▶ **DIRECTIONS FOR THIS TASK**
Exact repetition of the data below is required.

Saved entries
+---+
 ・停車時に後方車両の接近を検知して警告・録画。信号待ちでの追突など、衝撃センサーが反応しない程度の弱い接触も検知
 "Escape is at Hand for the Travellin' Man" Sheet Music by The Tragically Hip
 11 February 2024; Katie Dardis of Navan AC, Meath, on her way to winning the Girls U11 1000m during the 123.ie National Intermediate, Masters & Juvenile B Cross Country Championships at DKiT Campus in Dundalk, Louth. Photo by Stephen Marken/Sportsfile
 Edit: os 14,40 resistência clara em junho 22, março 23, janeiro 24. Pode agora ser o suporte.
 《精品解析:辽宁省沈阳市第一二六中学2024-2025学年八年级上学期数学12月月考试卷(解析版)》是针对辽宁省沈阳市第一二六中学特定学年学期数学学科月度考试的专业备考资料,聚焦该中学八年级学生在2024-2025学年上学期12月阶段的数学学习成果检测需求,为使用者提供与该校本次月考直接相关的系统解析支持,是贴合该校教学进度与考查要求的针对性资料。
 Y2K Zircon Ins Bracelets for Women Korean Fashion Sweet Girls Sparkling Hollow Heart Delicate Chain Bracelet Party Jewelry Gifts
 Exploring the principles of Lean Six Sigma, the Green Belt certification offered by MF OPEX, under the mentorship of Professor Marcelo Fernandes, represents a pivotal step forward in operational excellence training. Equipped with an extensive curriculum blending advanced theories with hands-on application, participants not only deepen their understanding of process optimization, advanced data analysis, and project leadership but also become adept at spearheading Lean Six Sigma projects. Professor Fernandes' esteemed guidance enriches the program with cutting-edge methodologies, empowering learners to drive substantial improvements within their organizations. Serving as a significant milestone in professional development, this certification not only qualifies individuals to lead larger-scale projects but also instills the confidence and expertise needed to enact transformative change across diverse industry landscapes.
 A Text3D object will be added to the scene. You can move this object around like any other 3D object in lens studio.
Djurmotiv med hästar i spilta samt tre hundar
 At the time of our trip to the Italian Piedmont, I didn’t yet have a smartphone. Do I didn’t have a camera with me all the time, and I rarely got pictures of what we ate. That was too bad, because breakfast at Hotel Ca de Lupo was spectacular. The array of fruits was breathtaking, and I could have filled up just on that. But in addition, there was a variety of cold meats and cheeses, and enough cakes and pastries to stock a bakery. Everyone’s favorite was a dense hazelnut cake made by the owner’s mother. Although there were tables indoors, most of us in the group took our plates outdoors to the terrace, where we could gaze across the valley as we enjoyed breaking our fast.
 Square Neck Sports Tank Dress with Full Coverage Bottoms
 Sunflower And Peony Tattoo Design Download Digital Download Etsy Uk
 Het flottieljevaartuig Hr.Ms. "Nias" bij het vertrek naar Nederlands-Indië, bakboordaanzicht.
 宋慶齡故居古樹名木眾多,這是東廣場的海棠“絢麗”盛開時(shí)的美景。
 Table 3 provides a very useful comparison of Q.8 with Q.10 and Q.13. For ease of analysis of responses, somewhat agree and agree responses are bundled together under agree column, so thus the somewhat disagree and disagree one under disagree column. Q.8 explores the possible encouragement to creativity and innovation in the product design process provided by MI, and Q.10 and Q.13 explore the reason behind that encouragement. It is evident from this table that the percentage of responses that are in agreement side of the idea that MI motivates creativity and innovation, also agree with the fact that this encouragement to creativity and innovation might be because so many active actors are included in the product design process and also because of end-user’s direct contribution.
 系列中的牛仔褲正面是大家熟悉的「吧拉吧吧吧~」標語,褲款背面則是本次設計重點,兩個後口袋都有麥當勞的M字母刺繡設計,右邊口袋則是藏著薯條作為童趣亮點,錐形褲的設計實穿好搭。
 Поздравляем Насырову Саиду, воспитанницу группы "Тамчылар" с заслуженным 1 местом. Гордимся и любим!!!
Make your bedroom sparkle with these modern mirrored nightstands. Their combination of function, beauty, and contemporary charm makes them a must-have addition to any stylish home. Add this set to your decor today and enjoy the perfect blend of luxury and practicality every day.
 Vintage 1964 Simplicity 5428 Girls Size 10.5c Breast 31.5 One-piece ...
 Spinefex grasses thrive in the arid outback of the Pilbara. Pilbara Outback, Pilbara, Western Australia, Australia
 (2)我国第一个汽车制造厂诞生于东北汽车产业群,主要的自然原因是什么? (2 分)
+---+
▶ **WRITTEN RESPONSE**
 ・停車時に後方車両の接近を検知して警告・録画。信号待ちでの追突など、衝撃センサーが反応しない程度の弱い接触も検知
 "Escape is at Hand for the Travellin' Man" Sheet Music by The Tragically Hip
 11 February 2024; Katie Dardis of Navan AC, Meath, on her way to winning the Girls U11 1000m during the 123.ie National Intermediate, Masters & Juvenile B Cross Country Championships at DKiT Campus in Dundalk, Louth. Photo by Stephen Marken/Sportsfile
 Edit: os 14,40 resistência clara em junho 22, março 23, janeiro 24. Pode agora ser o suporte.
 《精品解析:辽宁省沈阳市第一二六中学2024-2025学年八年级上学期数学12月月考试卷(解析版)》是针对辽宁省沈阳市第一二六中学特定学年学期数学学科月度考试的专业备考资料,聚焦该中学八年级学生在2024-2025学年上学期12月阶段的数学学习成果检测需求,为使用者提供与该校本次月考直接相关的系统解析支持,是贴合该校教学进度与考查要求的针对性资料。
 Y2K Zircon Ins Bracelets for Women Korean Fashion Sweet Girls Sparkling Hollow Heart Delicate Chain Bracelet Party Jewelry Gifts
 Exploring the principles of Lean Six Sigma, the Green Belt certification offered by MF OPEX, under the mentorship of Professor Marcelo Fernandes, represents a pivotal step forward in operational excellence training. Equipped with an extensive curriculum blending advanced theories with hands-on application, participants not only deepen their understanding of process optimization, advanced data analysis, and project leadership but also become adept at spearheading Lean Six Sigma projects. Professor Fernandes' esteemed guidance enriches the program with cutting-edge methodologies, empowering learners to drive substantial improvements within their organizations. Serving as a significant milestone in professional development, this certification not only qualifies individuals to lead larger-scale projects but also instills the confidence and expertise needed to enact transformative change across diverse industry landscapes.
 A Text3D object will be added to the scene. You can move this object around like any other 3D object in lens studio.
Djurmotiv med hästar i spilta samt tre hundar
 At the time of our trip to the Italian Piedmont, I didn’t yet have a smartphone. Do I didn’t have a camera with me all the time, and I rarely got pictures of what we ate. That was too bad, because breakfast at Hotel Ca de Lupo was spectacular. The array of fruits was breathtaking, and I could have filled up just on that. But in addition, there was a variety of cold meats and cheeses, and enough cakes and pastries to stock a bakery. Everyone’s favorite was a dense hazelnut cake made by the owner’s mother. Although there were tables indoors, most of us in the group took our plates outdoors to the terrace, where we could gaze across the valley as we enjoyed breaking our fast.
 Square Neck Sports Tank Dress with Full Coverage Bottoms
 Sunflower And Peony Tattoo Design Download Digital Download Etsy Uk
 Het flottieljevaartuig Hr.Ms. "Nias" bij het vertrek naar Nederlands-Indië, bakboordaanzicht.
 宋慶齡故居古樹名木眾多,這是東廣場的海棠“絢麗”盛開時(shí)的美景。
 Table 3 provides a very useful comparison of Q.8 with Q.10 and Q.13. For ease of analysis of responses, somewhat agree and agree responses are bundled together under agree column, so thus the somewhat disagree and disagree one under disagree column. Q.8 explores the possible encouragement to creativity and innovation in the product design process provided by MI, and Q.10 and Q.13 explore the reason behind that encouragement. It is evident from this table that the percentage of responses that are in agreement side of the idea that MI motivates creativity and innovation, also agree with the fact that this encouragement to creativity and innovation might be because so many active actors are included in the product design process and also because of end-user’s direct contribution.
 系列中的牛仔褲正面是大家熟悉的「吧拉吧吧吧~」標語,褲款背面則是本次設計重點,兩個後口袋都有麥當勞的M字母刺繡設計,右邊口袋則是藏著薯條作為童趣亮點,錐形褲的設計實穿好搭。
 Поздравляем Насырову Саиду, воспитанницу группы "Тамчылар" с заслуженным 1 местом. Гордимся и любим!!!
Make your bedroom sparkle with these modern mirrored nightstands. Their combination of function, beauty, and contemporary charm makes them a must-have addition to any stylish home. Add this set to your decor today and enjoy the perfect blend of luxury and practicality every day.
 Vintage 1964 Simplicity 5428 Girls Size 10.5c Breast 31.5 One-piece ...
 Spinefex grasses thrive in the arid outback of the Pilbara. Pilbara Outback, Pilbara, Western Australia, Australia
 (2)我国第一个汽车制造厂诞生于东北汽车产业群,主要的自然原因是什么? (2 分)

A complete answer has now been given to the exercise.